Tuesday, February 26, 2013

Privatization of Puerto Rico Airport Approved

Updated February 26, 2013, 6:01 p.m. ET

By BOB SECHLER
The Wall Street Journal


U.S. regulators said Tuesday they had approved a plan for investors to operate Puerto Rico's main airport for profit, boosting a long-standing federal effort to test the private-sector's appetite for infrastructure development.

The proposed $2.6 billion deal to lease San Juan's Luis Muñoz Marín International Airport to a private consortium is being watched by bankers and industry officials keen to import a business model that is widely used in Europe and Asia.

Airports have been attractive targets for private investors elsewhere because of rising air traffic and the opportunity to boost profits by expanding services such as terminal shopping, while cash-strapped governments are eager to find new funding to upgrade the facilities.

The Federal Aviation Administration launched a pilot airport privatization program 16 years ago, giving the cities and counties that own most commercial airports another funding option.

The plan gained little traction, in part because of broader public opposition to privatization and the availability of cheap municipal bond funding and passenger ticket-tax revenue. But rising government deficits have since spurred efforts to tap alternative sources for transportation and other infrastructure projects.

Only one airport—Stewart International Airport in Newburgh, N.Y.—was privatized under the FAA program. The 2000 deal was unwound seven years later when the Port Authority of New York and New Jersey bought the airport back from National Express Group PLC, a U.K. transportation company that opted to exit the airport business.

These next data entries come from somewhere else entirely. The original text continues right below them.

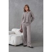Kadın Bisiklet Yaka Düğme Kapama Kaşkorse Ceket Pantolon İkili Triko Takım K.vizon
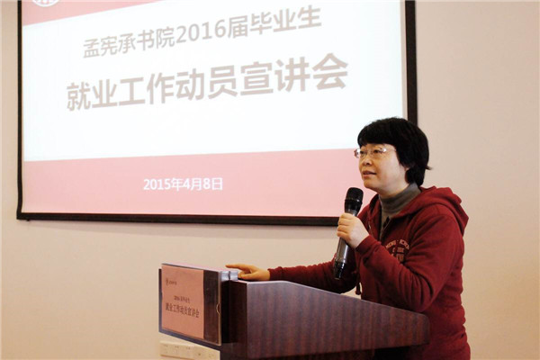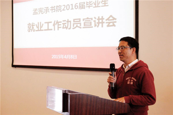 2015年4月8日14时,孟宪承书院“2016届毕业生就业工作动员宣讲会”在学生共享空间202成功举办。孟宪承书院党委书记吴薇、副院长苏振兴、就业推进办公室主任益建芳、副主任雷妍,及2012级各学科学生参与本次宣讲会。本次宣讲会由副院长苏振兴主持。
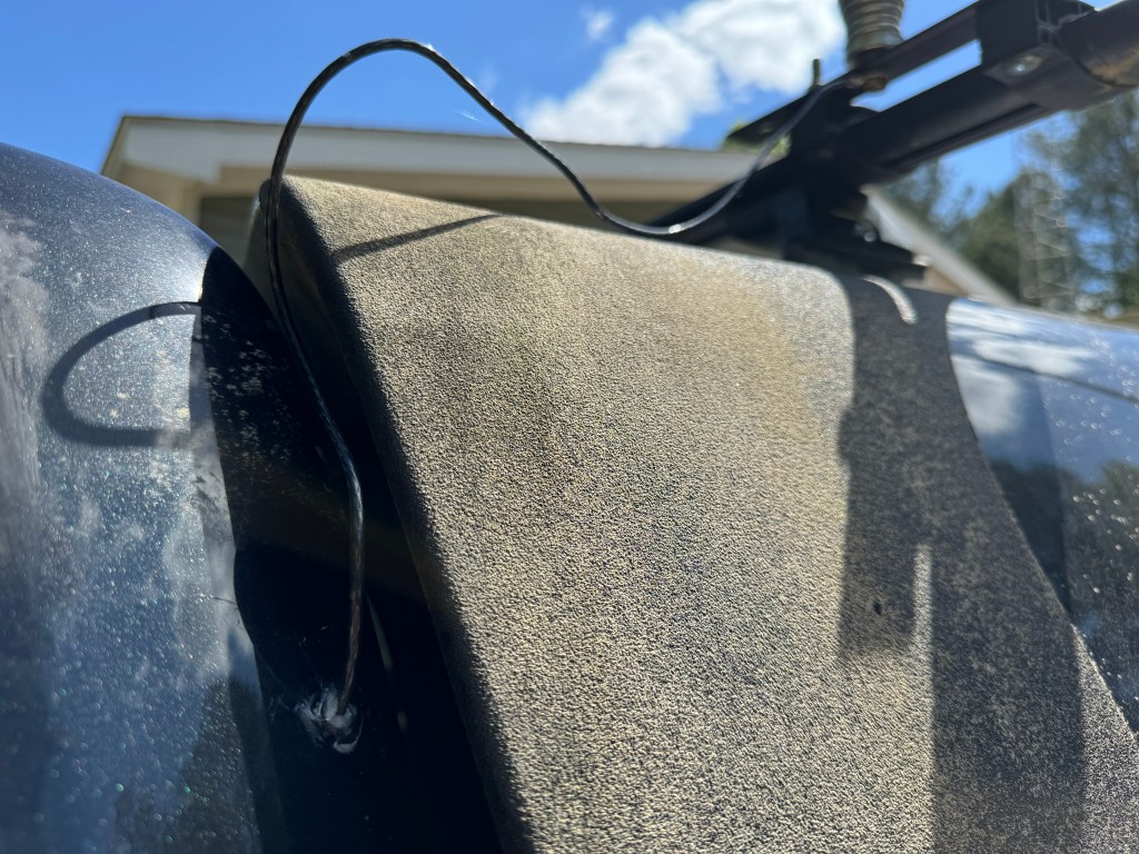 For a tuner, I used Icoms new AH-730. It replaces the AH-4 and is a much nicer unit. The AH-730 and the AH-4 are actually couplers much like the SGC SG-237. They are designed to connect directly to the wire antenna. Coax is only used between the radio and the tuner. I ran a 12 ga stranded wire from the tuner to the antenna which is mounted on my camper roof rack. It is a standard 102″ stainless steel whip. I only had to drill a small hole through the cab sheet metal, add a grommet and a little RTV and I’m done. I drilled an additional 3/8″ hole in the plate where the whip antenna attaches to the truck so I can easily add a horizontal wire for low band NVIS. All I need to do is attach the wire to the truck, stretch it out to a tree, hit the tune button and operate.
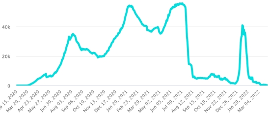 (Jour-1) Vaccination : 560,67 millions de doses de vaccin injectées depuis le 14 décembre 2020 date de la première injection aux États-Unis (+230,000 doses en 24h). Mise à jour 30 mars 2022 (dernières données disponibles). RÉPUBLIQUE DOMINICAINE : Cas confirmés depuis le 1er mars 2020 : 578,020 cas (+38 en 24h) la veille (+72 en 24h). Premier cas (1er mars 2020) Guérisons : 573,445 guérisons (+76 en 24h), la veille (+22) Taux national de Guérison : 99,20% (=) Décès : 4,375 décès (+0), précédent (+0) Taux de mortalité : 0,75% (=) Taux de positivité sur 4 semaines épidémiologiques : 0,92% (-) Cas actifs : (excluant décès et guérisons) 200 cas (-38 en 24h) la veille (+50) République Dominicaine : Tendance cas actifs : (moins guérisons et décès)
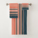 Light peach, coral, and orange striped pattern bath towel set
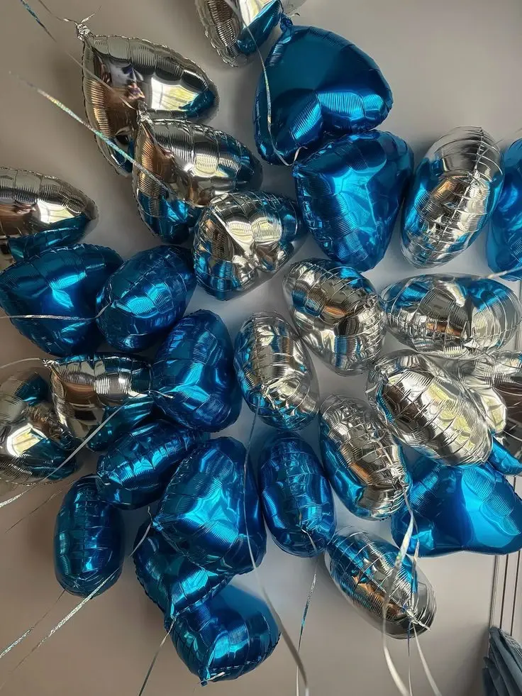 -Шары фольгированные сердце (синий, серебро)
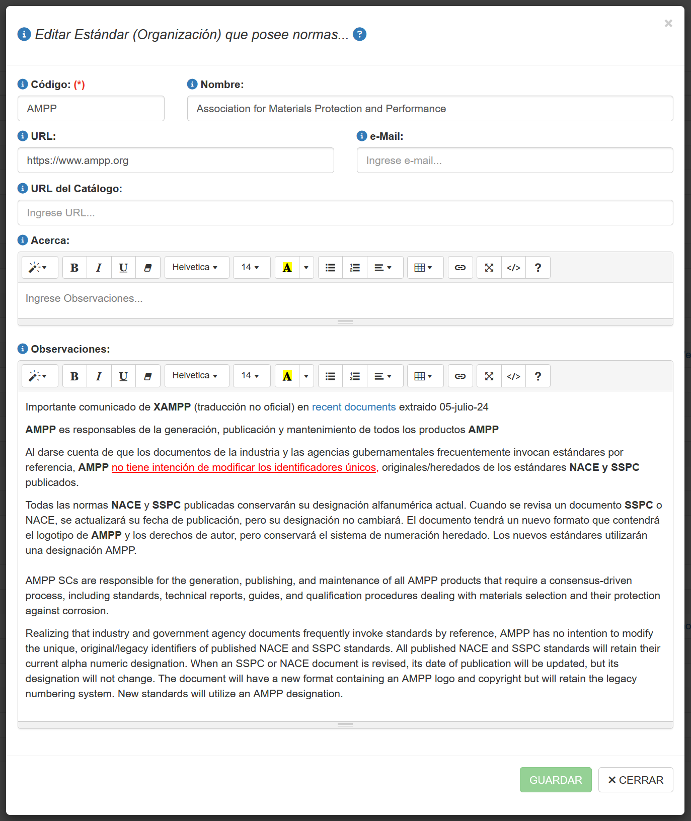 Al presionar el botón agregar/editar se activa una ventana emergente con la opción de agregar/editar información de un estándar u Organización que posee normas, tal como se muestra en la imagen a continuación.
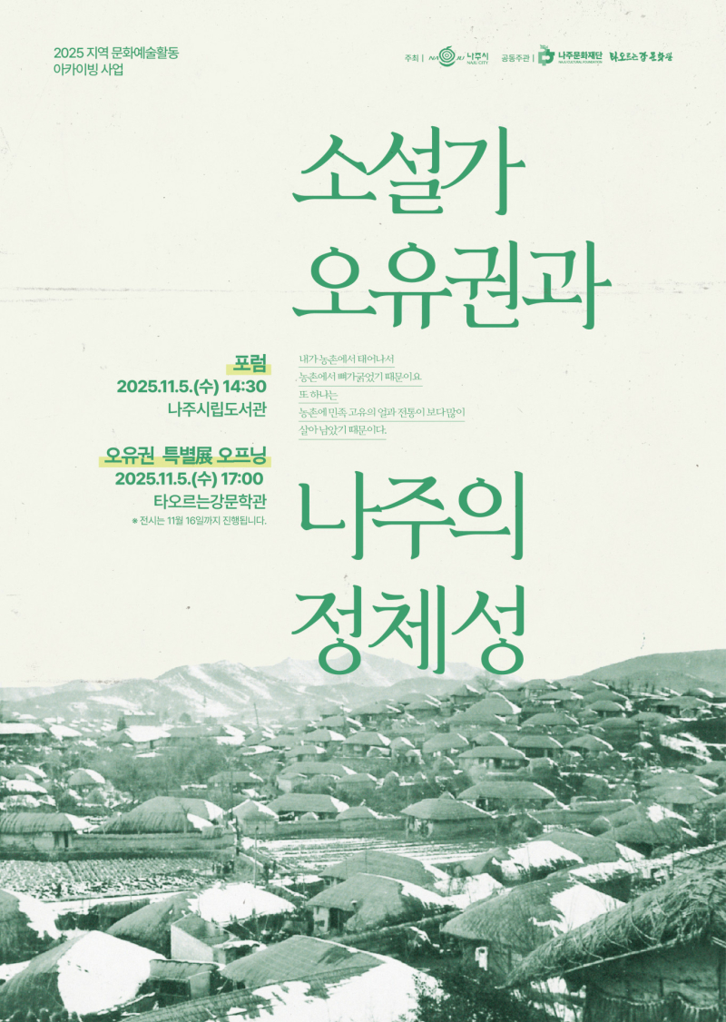 김찬동 나주문화재단 대표이사는 "나주 출신 오유권 선생의 문학을 통해 지역의 정체성과 문화적 가치를 다시 확인하는 뜻깊은 자리가 될 것"이라며 "앞으로도 지역 문학인과 작품을 꾸준히 발굴·보존해 나주의 문화 기반을 튼튼히 다져가겠다"고 말했다.
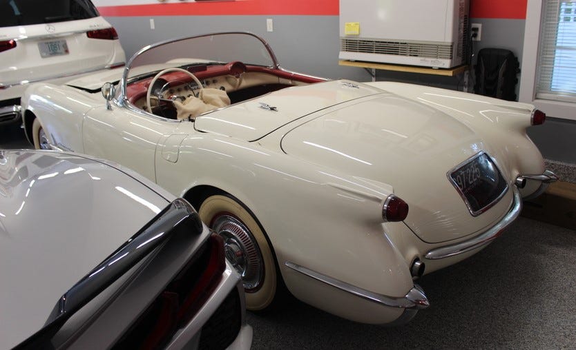 One of two 1954 Corvettes under Dennis’ care, this is a car that deserves recognition. For one thing, it’s more than 70 years old and looks damn good. For another, it is the godfather of America’s Sports Car, responsible for kicking off generations of world-class Detroit performance. Which leads us to the C8.
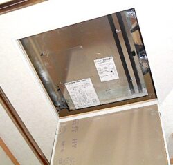 このシステムは、天井裏に「換気ユニット」と「暖房ユニット」が隣合って埋め込まれダクトで繋がっている。この両方のユニットの働きにより各部屋に温風を送って同時に換気も行います。
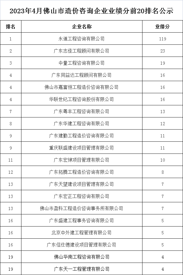 2023年4月佛山市造價咨詢企業業績分前20排名公示
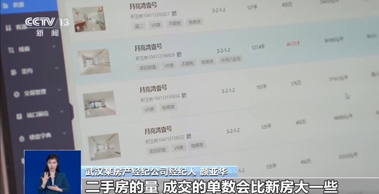 武漢某房產(chǎn)經(jīng)紀公司經(jīng)紀人 顏亞華:按成交量來說,二手房成交的單數(shù)會比新房大一些,因為二手房的單價可能會更低一點。
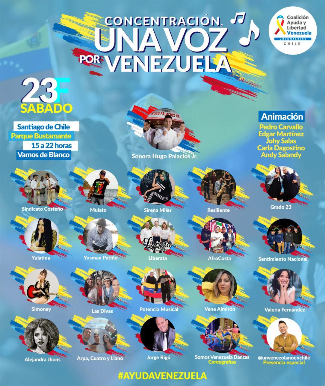 "Una voz por Venezuela" es el nombre del evento que contará con una veintena de shows de artistas chilenos y venezolanos que se presentarán en apoyo al ingreso de la ayuda humanitaria al país gobernado por Nicolás Maduro.
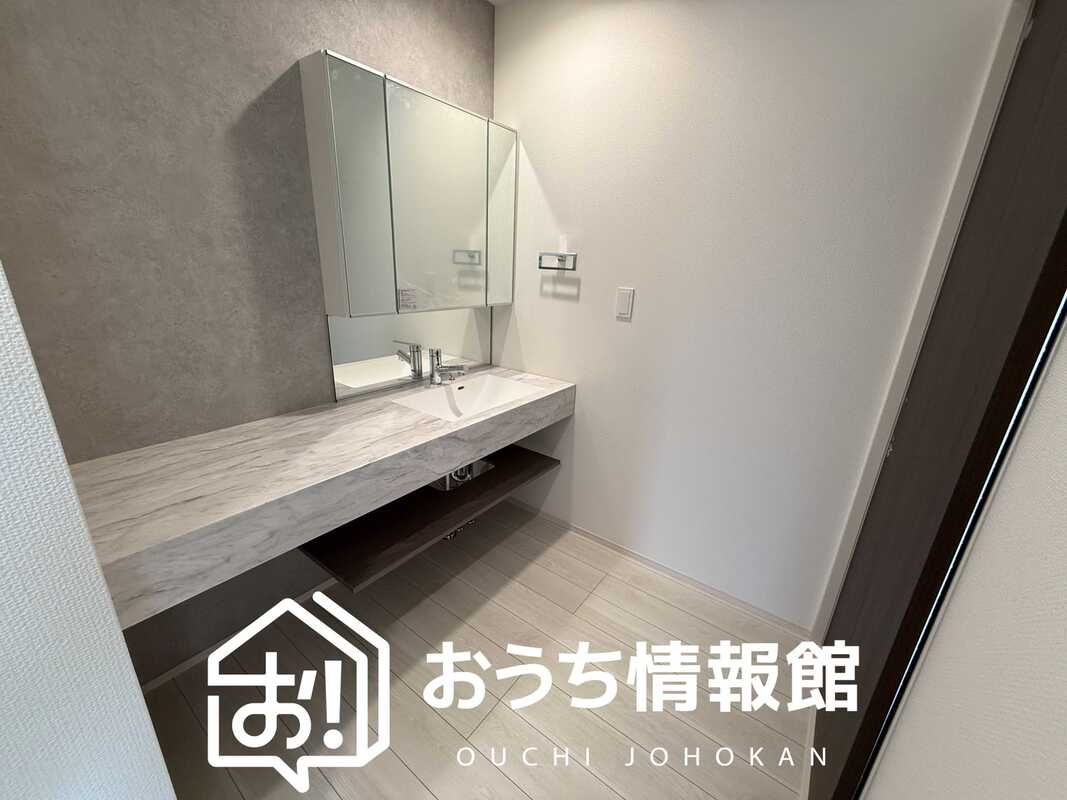 鏡の両サイドは、必要なものを取出しやすく、大きな鏡面で朝の準備も快適。 使いやすいリフトアップ機能付きのシングルレバーシャワー水栓付です。

San Juan emerged as the largest airport in the FAA program after the 2009 collapse of efforts by the city of Chicago to lease Midway airport, as the financial crisis drained funding for the planned project.

Chicago has since revived its plans. Last week it said it had received 16 expressions of interest in running Midway under a proposed lease of 40 years or less, shorter than that envisaged under the previous plan.

The approval of the San Juan deal by U.S. Transportation Secretary Ray LaHood "is a good indicator that this can be done, and done right," said Kathleen Strand, a spokeswoman for Chicago.

Only three of the 10 slots in the FAA pilot program are filled, with San Juan joined by Midway—which occupies the sole berth for a large hub airport—and Airglades Airport, a small facility in Hendry County, Fla.

Others, such as Armstrong International Airport in New Orleans, joined the program only to drop out, in part because of public opposition to privatization.

Puerto Rico Gov. Alejandro Garcia Padilla had voiced broad reservations about privatization before taking office in January, though previously said he would stand by the San Juan deal negotiated under the administration of his predecessor, Luis Fortuno.

San Juan will be operated by a 50/50 venture between infrastructure-investment company Highstar Capital and Grupo Aeroportuario del Sureste SAB de CV, which runs nine airports in Mexico. The partners plan to invest more than $1 billion in the airport, including $615 million up front in a leasehold fee.

In addition, the consortium will pay Puerto Rico's airport authority $2.5 million a year for the first five years, 5% of revenue for the next 25 years and then 10% of revenue for the final 10 years.

Deborah McElroy, an executive vice president at the North America branch of Airports Council International, an airport industry trade group, said interest in the Puerto Rico deal among U.S. airports has been high. But she said it is unclear how many others will explore privatization.

"Ultimately, individual airports will have to determine if it's right for their unique circumstances," she said.